LOWELL, MASS. AT TSONGAS CENTER
AIRED LIVE ON PEACOCK
Commentators: Vic Joseph & Booker T
Ring Announcer: Alicia Taylor
Torch subscribers can check out a VIP roundtable later as Bruce Hazelwood, Nate Lindberg (who will be attending the show) and I break down our thoughts.
-There was a video of big happenings in Lowell, including Rock’s first championship win, then some local hype Carmelo Hayes did before the show tonight in his backyard.
There were some friendly angles showing a mostly full crowd, though Nate Lindberg reports that the hard cam side is entirely tarped off.
(1) WES LEE (c) vs. TYLER BATE vs. JOE GACY (w/Ava) – Triple threat match for the NXT North American Championship
Champion Lee entered first to a strong reaction as the announcers mentioned he’d be the champion with the most total defenses with a win tonight. Bate entered next as the announcers talked about whether Bate was underhanded or not in working toward this match. Gacy entered last, with Ava (in preparation for their contracts running out, Jagger Reid and Rip Fowler haven’t entered with Gacy for weeks now despite occasionally being on TV otherwise).
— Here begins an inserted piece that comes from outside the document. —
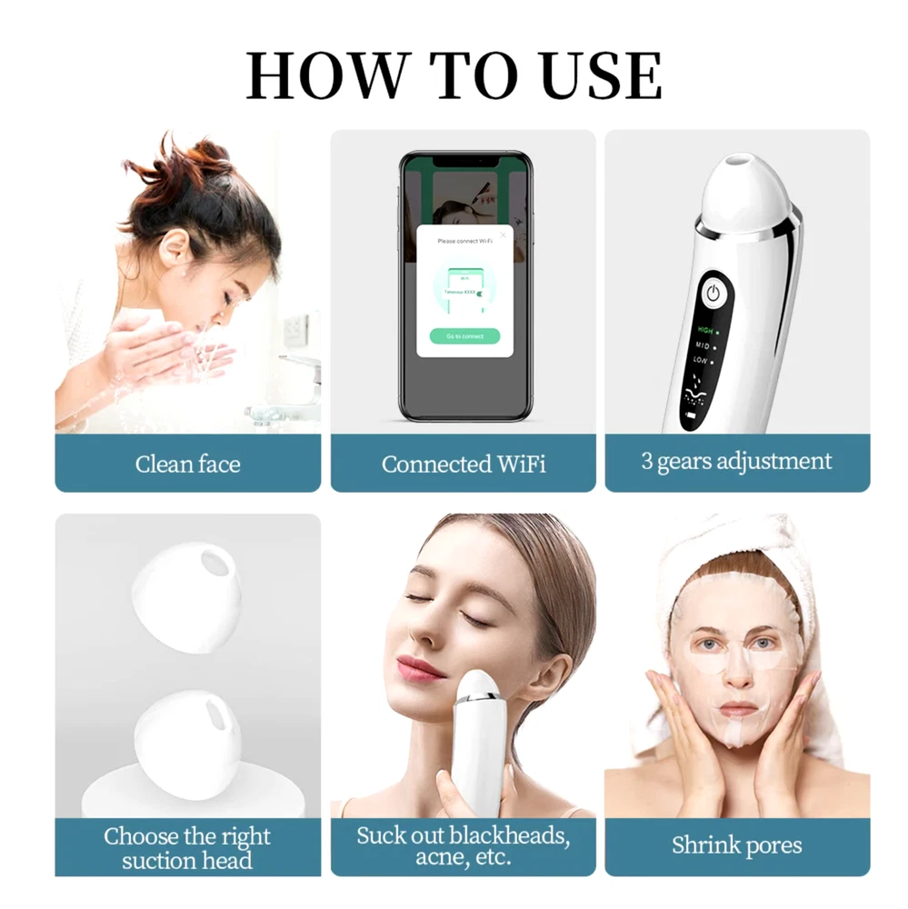 π[3 Modes] eXempt blackheads are equipped with powerful suction power, 3 modes, different intensity adjustments, can remove blackheads and acne; smooth skin, lift and tighten; modes are divided into smooth, normal, and strong, which can provide for your skin Deeper cleaning; Equipped with a variety of suction heads, through which different suction heads can meet the cleaning needs of various parts. π[WIFI Visible HD] 5 Million high-definition pixels WIFI connection is visible, allowing users to see their skin clear, thereby targeted operations, LED lights to illuminate the skin, even in the dark can see the skin, obviously, it is safe and effective. The product can be connected to mobile phones, tablets, notebooks, diversified connections, and is more convenient to use. π[Safe and skin-friendly] The blackhead meter does not contain any harmful and toxic chemicals. The blackhead vacuum cleaner uses a physical method, and occasionally the skin turns red, which is a normal phenomenon; environmentally friendly ABS material, safe and skin-friendly, helps you rejuvenate your skin and welcome a better new life. π[Charge fast and portable] USB charging speed is fast, battery life is long, the product is small and easy to carry. It can be put in a backpack or pocket and is a must-have for travel and home; 3 modes of electronic display are clear at a glance, and the warm battery reminder makes it easy to understand the battery status of the product. π[Precautions] First use a towel to heat the skin of the operation site for 5 minutes to open the pores; then use a blackhead suction device to suck out the blackheads in the same direction, but be careful not to stay in the same place for more than 3 seconds to damage the skin; use a cold towel Apply to the skin that has been manipulated to shrink pores.

Quick rollups by all three guys to start, then a reset. Bate and Lee agreed to attack Gacy but Bate stayed back and it was a moment. Gacy got dumped and the babyfaces paired off. Before they could pair off, Gacy tried to stir something between them. The faces went out and threw some hands at Gacy, then rolled him inside but couldn’t agree on who would enter first to try a cover. They exchanged fists and Gacy hit them with a tope. Bate entered and Gacy hit him with a slam and covered for two; Lee broke it up.
Bate and Gacy paired off and Lee flew over the top and rolled up Gacy for another near-fall. Lee punched down to Gacy and Gacy bailed to a corner. The faces exchanged some more shots. Bate hit a leaping uppercut on Lee and a suplex on Gacy. Exploder and a standing shooting star press for Lee. Gacy flew in and Bate evaded the senton, then hit bop and bang on Gacy. Bate put Gacy up in a fireman’s carry and did a big swing on Lee at the same time to oohs and aahs. Bate covered Gacy and Lee broke it up.
The faces paired off again and exchanged strikes and kicks. Rope run and a backdrop from Bate to Lee ended with Gacy catching Lee and darting him into Bate. Gacy hit a combo uranage/slam on Lee and Bate. He snapped on his submission and Lee fought it off until Bate booted Gacy, who sold the kick but held on and smiled. Bate had to throw a few more strikes to break the hold. Bate missed a shooting star press and Gacy snapped the submission on Bate, and Lee broke it up with a double stomp. All three sold on the mat for a “this is awesome” chant.
Lee took over on offense with strikes for both guys but both returned fire until Lee moved and they hit each other with lariats. Lee hit a Cardiac Kick on both and covered Gacy, then Bate, both for two counts. Lee worked on Bate in a corner, then charged Gacy in the opposite corner. Lee hopped up to put Gacy in a sleeper and Gacy hit a cannonball in the corner to break. The three kept hitting finishers for covers and breaks by the third man. Bate got dumped and Lee put Gacy up in the corner. Lee hopped over Gacy to lay out Bate on the outside. Gacy fired up and hit a uranage but Lee stunned him and hit him with the Cardiac Kick to defend.
WINNER: Wes Lee at 11:58.
(Wells’s Analysis: They continued the story of awkwardness between Lee and Bate in the first half before settling into a more straightforward triple threat. Strong work by all three and it didn’t overstay its welcome like so many triple threats on this brand. Gacy is an also-ran as usual while Bate, who didn’t eat the pin, can likely continue the story and get a one-on-one and quite possibly be the one to dethrone Lee after his marathon title run)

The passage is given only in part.